BHRN escalates the urgency of the need for a reaction. It analyses these acts as potential crimes against humanity and finds that there are reasonable grounds to conclude that the Tatmadaw has committed crimes against humanity against the Burmese people, namely murder, imprisonment and other severe deprivations of liberty, enforced disappearance, torture, other inhumane acts and persecution based on political identity.
“It’s not a case of a renegade commander using particularly ruthless tactics on peaceful protesters. This is widespread. It’s systematic. It is clearly, in my view, crimes against humanity being committed before our very eyes,” is how Tom Andrews, UN special rapporteur on human rights in Myanmar, has put it.
I was asked to host the launch of the report, authored by Erin Farrell Rosenberg, and reviewed by Ambassador Stephen Rapp. Their analysis went beyond regional or even global politics and made it absolutely plain that the weight of the evidence against the Tatmadaw is overwhelming and that it will prove to be the basis of eventual international criminal cases against the perpetrators.
It is perhaps in that context that the coup leader, Min Aung Hlaing, the next day declared himself to be the Prime Minister of a caretaker government in an attempt to legitimize his power grab and evade justice. Perhaps it is also in that context that governments in Singapore, Bangkok, Manila, Jakarta, Kuala Lumpur, Bandar Seri Bagawan, Hanoi, Vientiane, Phnom Penh need to look at their own actions. Is ASEAN to be a haven for those who commit crimes against humanity itself? Or could it imagine a different role for itself that takes its declarations, principles and commitments seriously and do something better for people gripped in a humanitarian emergency? A friend in central Myanmar told me there is not enough food, not enough medicine and not enough health care. Another friend’s family lost both grandmothers in a week and doesn’t know a single family that isn’t affected by COVID-19’s spread.
Shockingly, in complete opposition to the rest of the international community, the Tatmadaw’s strategy seems to be to weaponize the pandemic. At least 12 doctors have been killed by the military since February, while the World Health Organization has recorded at least 240 attacks on Myanmar’s health care workers, ambulances and medical facilities. The junta has arrested the head of the COVID-19 vaccination campaign, who was appointed by the former government.

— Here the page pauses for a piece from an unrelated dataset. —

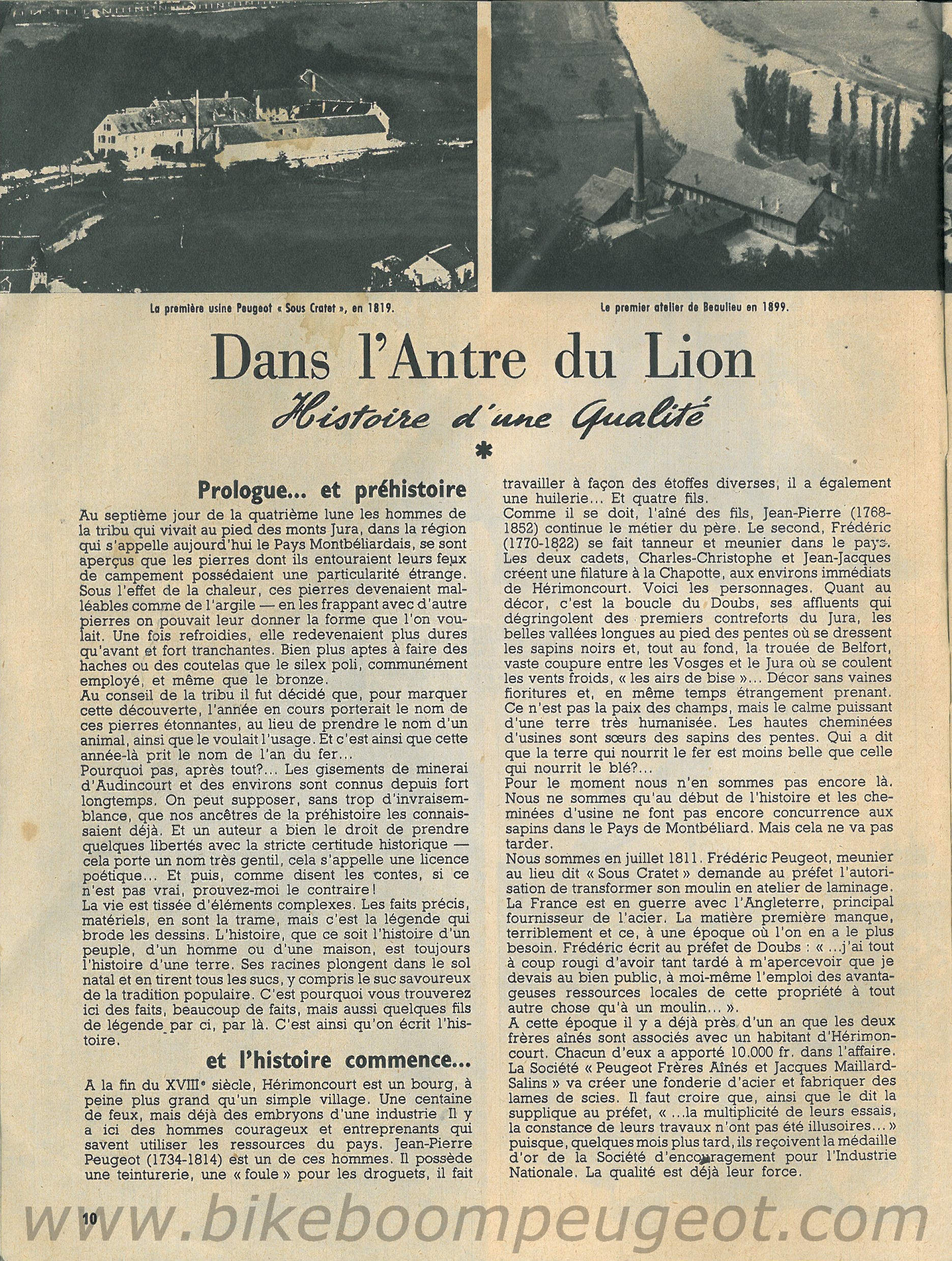 This is a 50 page document so only the pages that pertain to the history of the Peugeot company or bicycles are presented. Because of the large page dimensions and small print of the gazette, the linked images have not been reduced and are the actual scans size.

The security forces have also occupied dozens of hospitals across the country, in violation of international law; many people cannot access health care due to coup-related curfews and high medical costs, with hundreds of COVID-19 patients reportedly dying at home. Security officials are arresting doctors and nurses accused of supporting the civil disobedience movement.
While the rest of the world is trying to restrict its spread, Myanmar’s coup leaders are wilfully helping COVID-19 ravage the population like wildfire. Scientists have shown how the virus does not respect borders. By doing nothing, governments are putting their own populations at risk.